Exercise requirements ▸ Restate, exactly as written, the entries below from the line that holds "In de stadsjungle" through the line that holds "بعد الضغط على". Pictures are not part of the copy.

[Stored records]
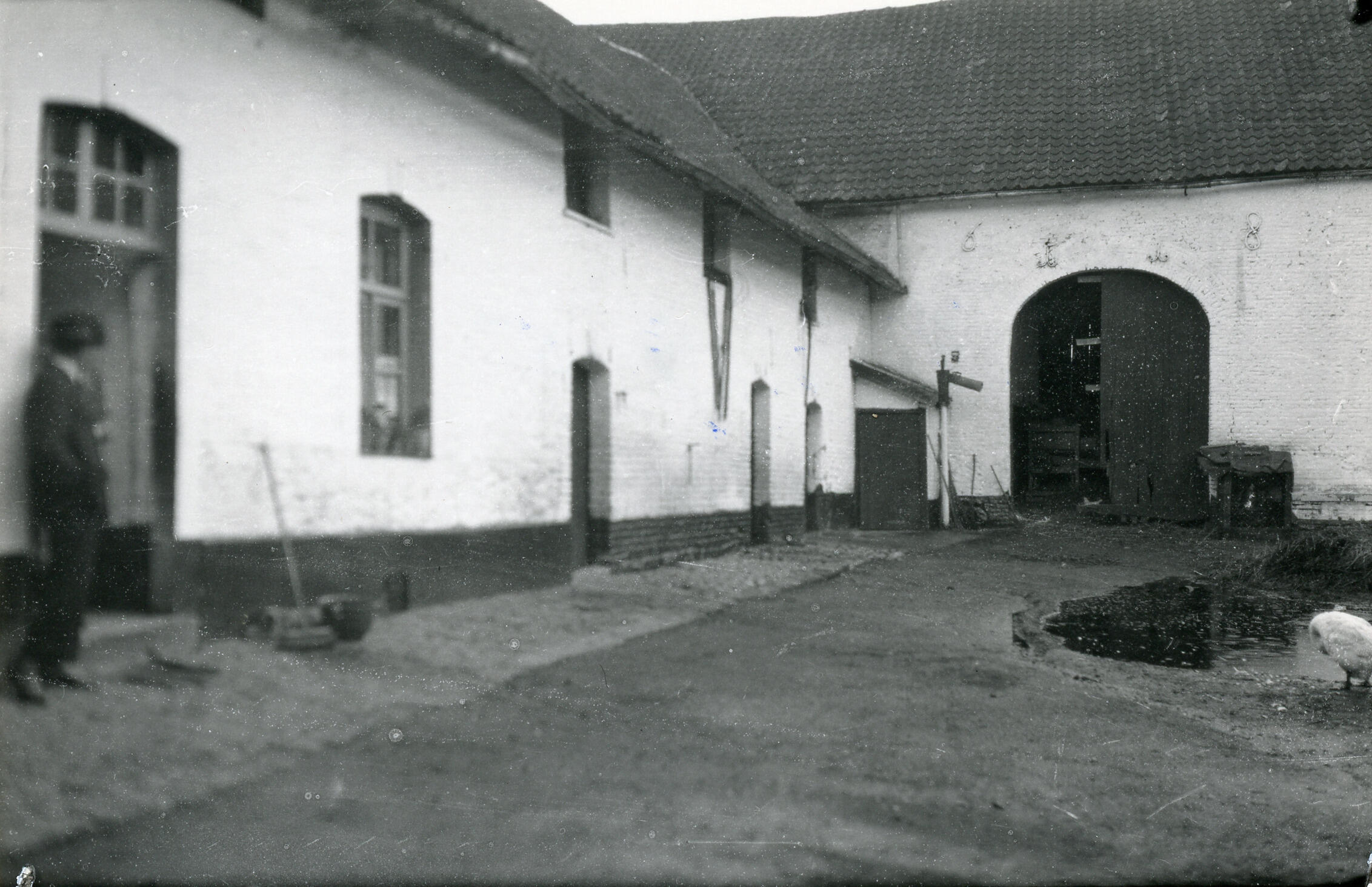 Binnenplaats van een boerderij, Bingelrade, 1936 (zwart-wit foto)
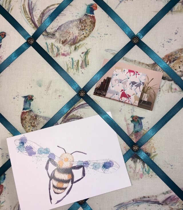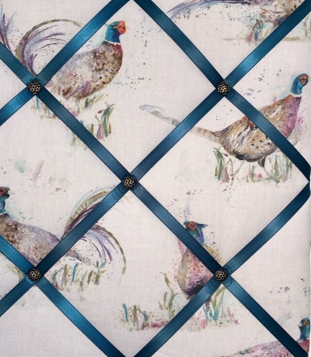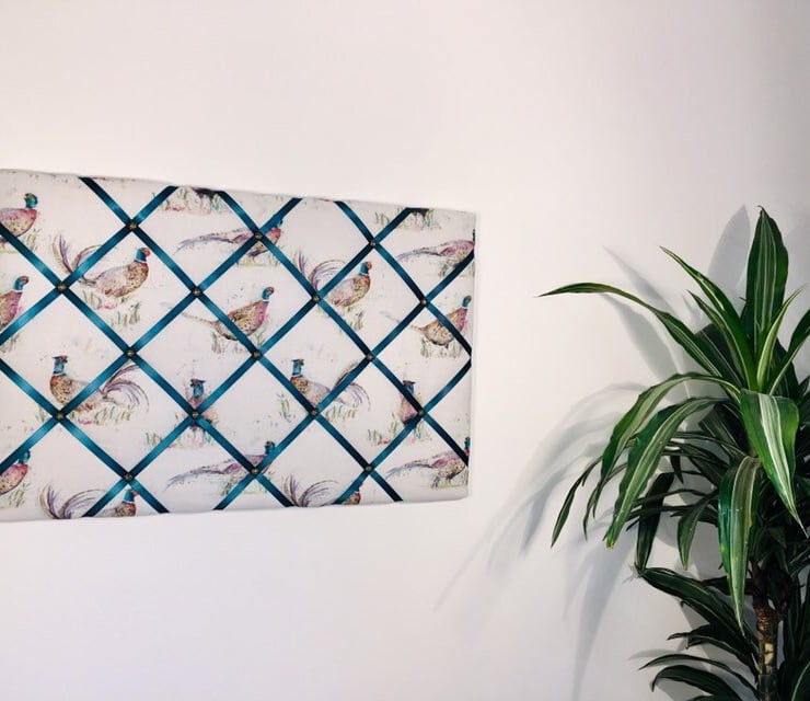 Pictured is a 60x40cm handmade notice board in Voyage Maison pheasant fabric and finished to the highest quality. The reverse is covered in white fabric with 2 D-rings for hanging. For postage all notice boards are carefully packaged in cellulose wrap and brown parcel paper, which are both biodegradable and compostable.
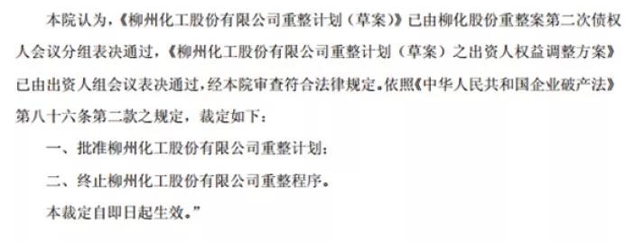 根据11月26日晚公告,因重整失败而导致终止上市的风险得以暂缓。公告显示,柳州中院已于2018年11月26日裁定批准了《柳州化工股份有限公司重整计划》。
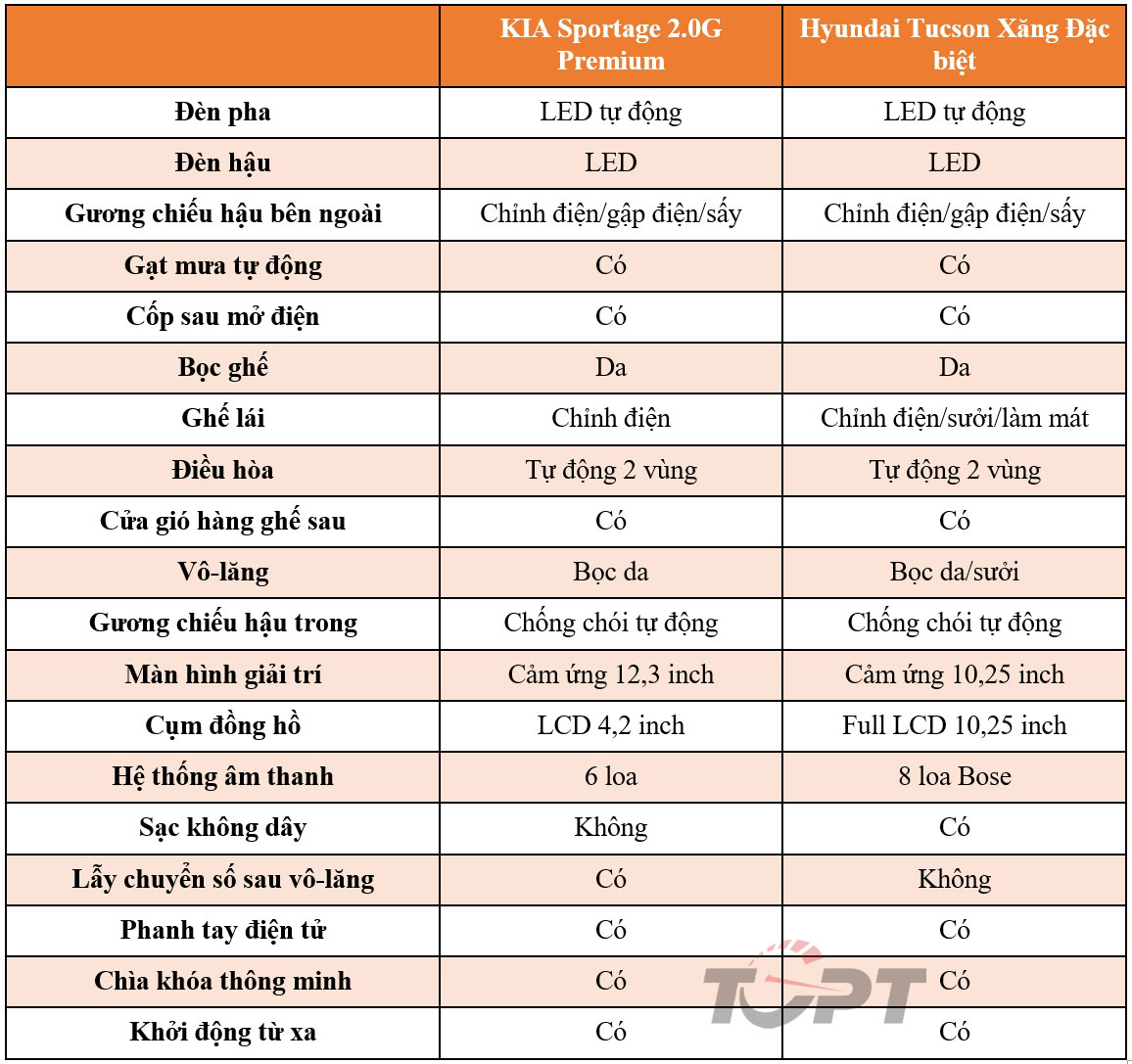 Đối với 2 mẫu xe này, các phiên bản KIA Sportage 2.0G Premium và Hyundai Tucson Xăng Đặc biệt sẽ được lựa chọn để so sánh trực tiếp do cả 2 đều có mức giá tương đương và nằm ở tầm giá trung bình trong số tất cả phiên bản, dự kiến sẽ thu hút khách hàng nhất.
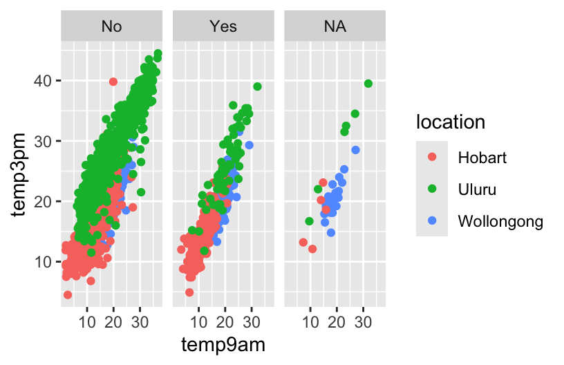 facet_wrap(~ raintoday)
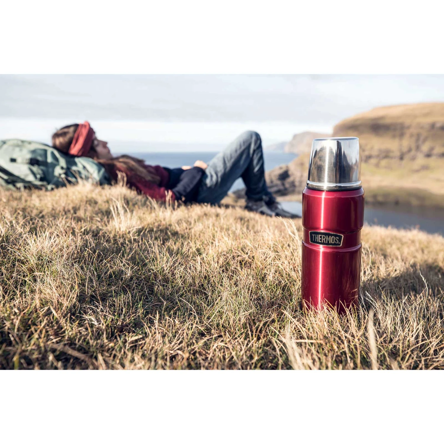 In de stadsjungle of in de vrije natuur – wie voortdurend onderweg is, heeft een sterke metgezel nodig waarop hij blindelings kan vertrouwen. Dat is THERMOS® Stainless King – de originele thermosfles van 470 ml zonder compromissen. Wat voor vrieskou geldt, geldt ook voor zinderende zomerhitte: het dubbelwandige roestvrij staal met THERMOS® isolatietechnologie stopt de temperatuuruitwisseling met de buitenwereld. Dit houdt warme dingen 12 uur lang warm en koude dingen 24 uur lang koud.
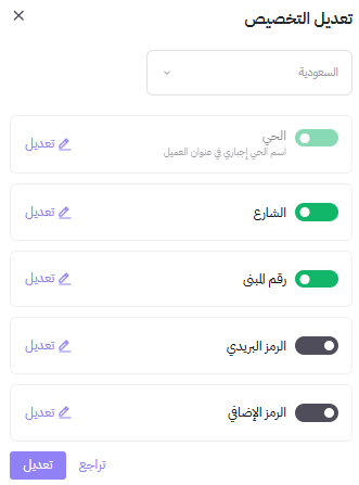 بعد الضغط على تخصيص الدولة ومن ثم تعديل بإمكانك التحكم في بيانات نموذج إضافة العنوان للعميل النهائي بناءً على الدولة.
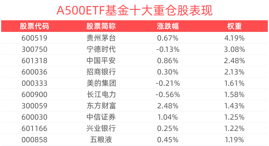 数据显示,截至2025年1月27日,中证A500指数(000510)前十大权重股分别为贵州茅台(600519)、宁德时代(300750)、中国平安(601318)、招商银行(600036)、美的集团(000333)、长江电力(600900)、兴业银行(601166)、东方财富(300059)、紫金矿业(601899)、中信证券(600030),前十大权重股合计占比20.32%。

Reply ▸
 In de stadsjungle of in de vrije natuur – wie voortdurend onderweg is, heeft een sterke metgezel nodig waarop hij blindelings kan vertrouwen. Dat is THERMOS® Stainless King – de originele thermosfles van 470 ml zonder compromissen. Wat voor vrieskou geldt, geldt ook voor zinderende zomerhitte: het dubbelwandige roestvrij staal met THERMOS® isolatietechnologie stopt de temperatuuruitwisseling met de buitenwereld. Dit houdt warme dingen 12 uur lang warm en koude dingen 24 uur lang koud.
 بعد الضغط على تخصيص الدولة ومن ثم تعديل بإمكانك التحكم في بيانات نموذج إضافة العنوان للعميل النهائي بناءً على الدولة.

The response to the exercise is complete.